In short, as God requires us to worship Him in a spiritual manner, so we most zealously urge men to all the sacrifices of spirit which He recommends.”
—John Calvin, The Necessity of Reforming the Church, Trans. Henry Beveridge (London: W.H. Dalton, 1544/1843), 39-40, 43-44.
October 30, 2020
“My hope is built, not upon what I feel in myself, but upon what He felt for me” by John Newton
“The gospel gives me relief.
When I think of the obedience unto death of Jesus Christ in my nature, as a public person, and in behalf of sinners, then I see the law, which I could not obey, completely fulfilled by Him, and the penalty which I had incurred sustained by Him.
I see Him in proportion to the degree of faith in Him, bearing my sins in His own body upon the tree.
I see God well pleased in Him, and for His sake freely justifying the ungodly. This sight saves me from guilt and fear, removes the obstacles which stood in my way, emboldens my access to the throne of grace, for the influences of His Holy Spirit to subdue my sins, and to make me conformable to my Saviour.
But my hope is built, not upon what I feel in myself, but upon what He felt for me; not upon what I can ever do for Him, but upon what has been done by Him upon my account.
It appears to me becoming the wisdom of God to take such a method of showing His mercy to sinners, as should convince the world, the universe, angels, and men, that His inflexible displeasure against sin, and His regard to the demands of His truth and holiness, must at the same time be equally displayed.

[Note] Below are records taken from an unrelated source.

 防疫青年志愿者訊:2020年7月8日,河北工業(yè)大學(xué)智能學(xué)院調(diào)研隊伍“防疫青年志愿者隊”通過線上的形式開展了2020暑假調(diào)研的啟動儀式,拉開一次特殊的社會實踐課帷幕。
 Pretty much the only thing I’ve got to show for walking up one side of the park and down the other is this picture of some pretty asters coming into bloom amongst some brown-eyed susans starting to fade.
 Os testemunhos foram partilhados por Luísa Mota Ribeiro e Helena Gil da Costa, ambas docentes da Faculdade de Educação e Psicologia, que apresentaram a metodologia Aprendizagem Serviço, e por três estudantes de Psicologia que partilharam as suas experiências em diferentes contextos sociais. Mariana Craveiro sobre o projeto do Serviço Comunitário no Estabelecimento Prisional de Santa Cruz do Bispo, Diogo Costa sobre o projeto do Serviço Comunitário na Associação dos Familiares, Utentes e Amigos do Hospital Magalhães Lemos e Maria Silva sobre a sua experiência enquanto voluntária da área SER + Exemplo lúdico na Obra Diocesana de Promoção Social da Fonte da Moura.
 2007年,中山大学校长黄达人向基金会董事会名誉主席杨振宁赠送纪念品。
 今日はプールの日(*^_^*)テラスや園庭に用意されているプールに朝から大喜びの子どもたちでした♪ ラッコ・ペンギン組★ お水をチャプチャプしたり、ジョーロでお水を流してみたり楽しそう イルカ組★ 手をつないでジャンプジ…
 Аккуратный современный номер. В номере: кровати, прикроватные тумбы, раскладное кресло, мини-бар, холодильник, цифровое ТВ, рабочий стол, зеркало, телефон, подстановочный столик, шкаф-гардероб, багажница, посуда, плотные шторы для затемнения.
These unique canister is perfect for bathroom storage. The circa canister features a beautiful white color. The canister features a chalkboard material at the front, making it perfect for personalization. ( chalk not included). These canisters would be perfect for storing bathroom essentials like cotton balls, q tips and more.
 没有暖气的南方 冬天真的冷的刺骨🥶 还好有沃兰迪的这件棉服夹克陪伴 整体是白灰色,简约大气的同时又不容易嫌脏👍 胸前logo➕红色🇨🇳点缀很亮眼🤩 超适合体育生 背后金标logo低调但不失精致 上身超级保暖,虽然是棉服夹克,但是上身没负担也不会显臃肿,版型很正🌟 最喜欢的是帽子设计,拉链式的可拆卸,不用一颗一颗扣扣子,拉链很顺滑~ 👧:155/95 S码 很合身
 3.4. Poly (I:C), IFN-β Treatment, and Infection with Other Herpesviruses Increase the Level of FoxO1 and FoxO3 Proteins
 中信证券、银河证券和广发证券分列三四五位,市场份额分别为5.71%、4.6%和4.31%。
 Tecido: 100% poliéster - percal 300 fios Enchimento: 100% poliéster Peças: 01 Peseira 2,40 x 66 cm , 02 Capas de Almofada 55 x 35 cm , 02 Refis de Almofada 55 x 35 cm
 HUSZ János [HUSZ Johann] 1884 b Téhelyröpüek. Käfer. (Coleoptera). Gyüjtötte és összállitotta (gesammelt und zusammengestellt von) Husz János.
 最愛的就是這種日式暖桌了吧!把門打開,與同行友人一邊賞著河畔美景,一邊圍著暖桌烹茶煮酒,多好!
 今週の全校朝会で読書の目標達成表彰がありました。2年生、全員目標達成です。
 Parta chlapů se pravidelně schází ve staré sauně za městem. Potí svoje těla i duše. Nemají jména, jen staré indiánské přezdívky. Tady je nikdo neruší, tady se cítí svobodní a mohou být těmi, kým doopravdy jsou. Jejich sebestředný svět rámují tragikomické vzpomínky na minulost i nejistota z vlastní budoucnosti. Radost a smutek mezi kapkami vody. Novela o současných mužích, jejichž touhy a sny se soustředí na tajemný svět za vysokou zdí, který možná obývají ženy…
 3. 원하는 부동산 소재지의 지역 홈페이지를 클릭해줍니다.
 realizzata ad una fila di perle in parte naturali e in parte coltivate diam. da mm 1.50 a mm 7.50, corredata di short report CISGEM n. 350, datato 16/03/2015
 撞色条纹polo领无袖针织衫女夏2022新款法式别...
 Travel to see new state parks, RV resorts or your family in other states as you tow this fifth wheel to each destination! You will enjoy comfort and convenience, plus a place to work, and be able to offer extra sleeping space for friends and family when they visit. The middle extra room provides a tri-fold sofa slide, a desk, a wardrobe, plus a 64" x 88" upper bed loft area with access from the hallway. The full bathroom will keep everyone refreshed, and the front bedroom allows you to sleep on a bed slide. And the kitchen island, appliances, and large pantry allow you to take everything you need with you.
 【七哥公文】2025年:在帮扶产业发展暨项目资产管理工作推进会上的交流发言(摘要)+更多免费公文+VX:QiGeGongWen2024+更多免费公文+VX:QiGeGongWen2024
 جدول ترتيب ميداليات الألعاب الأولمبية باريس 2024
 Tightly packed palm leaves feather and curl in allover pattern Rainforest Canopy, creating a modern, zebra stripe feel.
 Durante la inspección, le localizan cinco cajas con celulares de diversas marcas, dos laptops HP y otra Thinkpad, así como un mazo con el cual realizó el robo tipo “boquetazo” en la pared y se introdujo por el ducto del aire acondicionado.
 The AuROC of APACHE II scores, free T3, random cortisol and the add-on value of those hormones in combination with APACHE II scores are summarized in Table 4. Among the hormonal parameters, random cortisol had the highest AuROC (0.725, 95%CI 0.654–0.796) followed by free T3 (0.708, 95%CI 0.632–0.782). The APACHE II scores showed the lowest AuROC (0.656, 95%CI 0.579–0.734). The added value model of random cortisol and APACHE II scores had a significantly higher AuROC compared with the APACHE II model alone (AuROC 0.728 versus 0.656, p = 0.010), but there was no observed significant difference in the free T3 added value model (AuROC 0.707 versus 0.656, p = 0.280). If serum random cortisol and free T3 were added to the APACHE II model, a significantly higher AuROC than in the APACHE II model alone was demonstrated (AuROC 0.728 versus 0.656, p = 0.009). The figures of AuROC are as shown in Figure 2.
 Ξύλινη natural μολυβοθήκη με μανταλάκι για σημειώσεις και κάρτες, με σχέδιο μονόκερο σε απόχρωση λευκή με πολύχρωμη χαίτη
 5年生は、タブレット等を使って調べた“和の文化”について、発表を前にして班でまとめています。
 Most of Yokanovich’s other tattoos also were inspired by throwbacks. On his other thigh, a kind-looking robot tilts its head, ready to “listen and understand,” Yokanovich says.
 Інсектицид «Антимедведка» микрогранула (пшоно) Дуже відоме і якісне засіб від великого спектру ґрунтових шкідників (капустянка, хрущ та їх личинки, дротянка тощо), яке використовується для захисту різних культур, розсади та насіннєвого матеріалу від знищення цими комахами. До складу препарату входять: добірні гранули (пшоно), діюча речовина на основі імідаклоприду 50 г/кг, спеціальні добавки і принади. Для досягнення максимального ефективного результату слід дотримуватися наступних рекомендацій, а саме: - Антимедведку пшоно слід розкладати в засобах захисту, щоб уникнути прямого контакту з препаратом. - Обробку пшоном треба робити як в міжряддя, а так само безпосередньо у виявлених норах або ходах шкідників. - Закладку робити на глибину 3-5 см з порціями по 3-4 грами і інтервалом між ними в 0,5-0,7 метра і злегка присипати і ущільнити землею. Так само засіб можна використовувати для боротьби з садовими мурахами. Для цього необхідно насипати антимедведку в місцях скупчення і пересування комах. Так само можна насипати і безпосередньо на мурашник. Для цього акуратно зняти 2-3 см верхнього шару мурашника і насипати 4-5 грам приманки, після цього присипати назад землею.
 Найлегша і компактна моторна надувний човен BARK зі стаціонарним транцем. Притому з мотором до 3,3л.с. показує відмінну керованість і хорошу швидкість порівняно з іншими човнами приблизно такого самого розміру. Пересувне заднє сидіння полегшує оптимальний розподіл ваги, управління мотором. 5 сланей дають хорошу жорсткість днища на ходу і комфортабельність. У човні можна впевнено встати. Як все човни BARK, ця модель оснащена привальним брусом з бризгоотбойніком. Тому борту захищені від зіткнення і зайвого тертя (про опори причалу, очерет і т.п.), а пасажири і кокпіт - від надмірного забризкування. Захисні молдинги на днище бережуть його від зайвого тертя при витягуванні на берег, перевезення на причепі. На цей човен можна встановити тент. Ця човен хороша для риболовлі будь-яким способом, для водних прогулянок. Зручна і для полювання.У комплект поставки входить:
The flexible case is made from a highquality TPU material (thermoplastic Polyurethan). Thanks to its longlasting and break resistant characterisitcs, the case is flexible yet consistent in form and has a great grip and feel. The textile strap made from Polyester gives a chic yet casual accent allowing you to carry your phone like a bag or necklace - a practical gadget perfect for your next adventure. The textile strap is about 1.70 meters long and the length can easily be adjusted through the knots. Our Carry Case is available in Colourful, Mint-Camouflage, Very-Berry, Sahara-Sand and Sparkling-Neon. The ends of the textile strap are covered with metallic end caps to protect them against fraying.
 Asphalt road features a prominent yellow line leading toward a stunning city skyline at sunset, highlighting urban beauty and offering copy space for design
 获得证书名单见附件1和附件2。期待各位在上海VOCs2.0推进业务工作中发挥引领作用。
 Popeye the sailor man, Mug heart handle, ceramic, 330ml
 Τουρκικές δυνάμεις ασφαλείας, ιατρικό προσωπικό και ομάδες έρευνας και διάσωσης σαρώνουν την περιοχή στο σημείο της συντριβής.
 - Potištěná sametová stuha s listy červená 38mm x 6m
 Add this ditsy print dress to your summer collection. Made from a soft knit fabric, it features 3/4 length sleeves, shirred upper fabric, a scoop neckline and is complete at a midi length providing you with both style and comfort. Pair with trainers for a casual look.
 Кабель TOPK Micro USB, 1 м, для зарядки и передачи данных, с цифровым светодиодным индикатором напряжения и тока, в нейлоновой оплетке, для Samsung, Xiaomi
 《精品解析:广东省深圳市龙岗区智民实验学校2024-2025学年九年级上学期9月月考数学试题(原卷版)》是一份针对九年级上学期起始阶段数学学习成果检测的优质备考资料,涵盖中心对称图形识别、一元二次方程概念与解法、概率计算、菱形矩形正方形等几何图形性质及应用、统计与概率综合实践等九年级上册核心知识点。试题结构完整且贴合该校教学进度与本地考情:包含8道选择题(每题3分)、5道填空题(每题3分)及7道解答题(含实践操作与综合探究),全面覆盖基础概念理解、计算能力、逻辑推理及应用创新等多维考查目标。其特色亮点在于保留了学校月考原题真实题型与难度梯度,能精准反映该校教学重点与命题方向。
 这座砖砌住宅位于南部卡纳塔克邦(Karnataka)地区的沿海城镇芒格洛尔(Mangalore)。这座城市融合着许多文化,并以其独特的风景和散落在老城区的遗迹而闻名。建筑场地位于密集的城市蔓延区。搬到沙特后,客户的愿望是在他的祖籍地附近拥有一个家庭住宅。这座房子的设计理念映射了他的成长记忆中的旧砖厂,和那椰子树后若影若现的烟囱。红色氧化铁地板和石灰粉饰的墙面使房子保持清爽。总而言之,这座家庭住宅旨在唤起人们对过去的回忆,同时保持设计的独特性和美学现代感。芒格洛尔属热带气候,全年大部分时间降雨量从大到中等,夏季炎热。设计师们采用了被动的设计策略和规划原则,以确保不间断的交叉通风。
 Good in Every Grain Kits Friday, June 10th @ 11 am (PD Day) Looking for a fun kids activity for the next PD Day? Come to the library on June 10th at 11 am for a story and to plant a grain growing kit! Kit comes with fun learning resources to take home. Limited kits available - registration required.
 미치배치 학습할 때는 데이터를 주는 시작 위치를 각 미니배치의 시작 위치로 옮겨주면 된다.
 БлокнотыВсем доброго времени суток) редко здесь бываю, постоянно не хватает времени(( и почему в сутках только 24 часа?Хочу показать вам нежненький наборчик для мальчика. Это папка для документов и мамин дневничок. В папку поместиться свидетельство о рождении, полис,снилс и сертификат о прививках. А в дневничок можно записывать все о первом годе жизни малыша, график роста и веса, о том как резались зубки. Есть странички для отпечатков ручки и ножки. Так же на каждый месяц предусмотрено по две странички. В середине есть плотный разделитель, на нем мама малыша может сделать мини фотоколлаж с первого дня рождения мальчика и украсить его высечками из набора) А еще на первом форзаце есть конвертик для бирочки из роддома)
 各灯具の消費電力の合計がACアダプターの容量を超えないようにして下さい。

This was effected by bruising His own Son, filling Him with agonies, and delivering Him up to death and the curse of the law, when He appeared as a surety for sinners.
It appears to me, therefore, that, though the blessings of justification and sanctification are coincident, and cannot be separated in the same subject, a believing sinner, yet they are in themselves as distinct and different as any two things can well be.
The one, like life itself, is instantaneous and perfect at once, and takes place the moment the soul is born of God; the other, like the effects of life, growth, and strength, is imperfect and gradual.
The child born today, though weak, and very different from what it will be when its faculties open, and its stature increases, is as truly, and as much, alive as it will ever be. And, if an heir to an estate or a kingdom, has the same right now as it will have when it becomes of age, because this right is derived not from its abilities or stature, but from its birth and parents.
The weakest believer is born of God, and an heir of glory.”
–John Newton, “Letter XIV,” The Works of John Newton, Volume 6 (Carlisle, PA: Banner of Truth, 2015), 6: 247-249.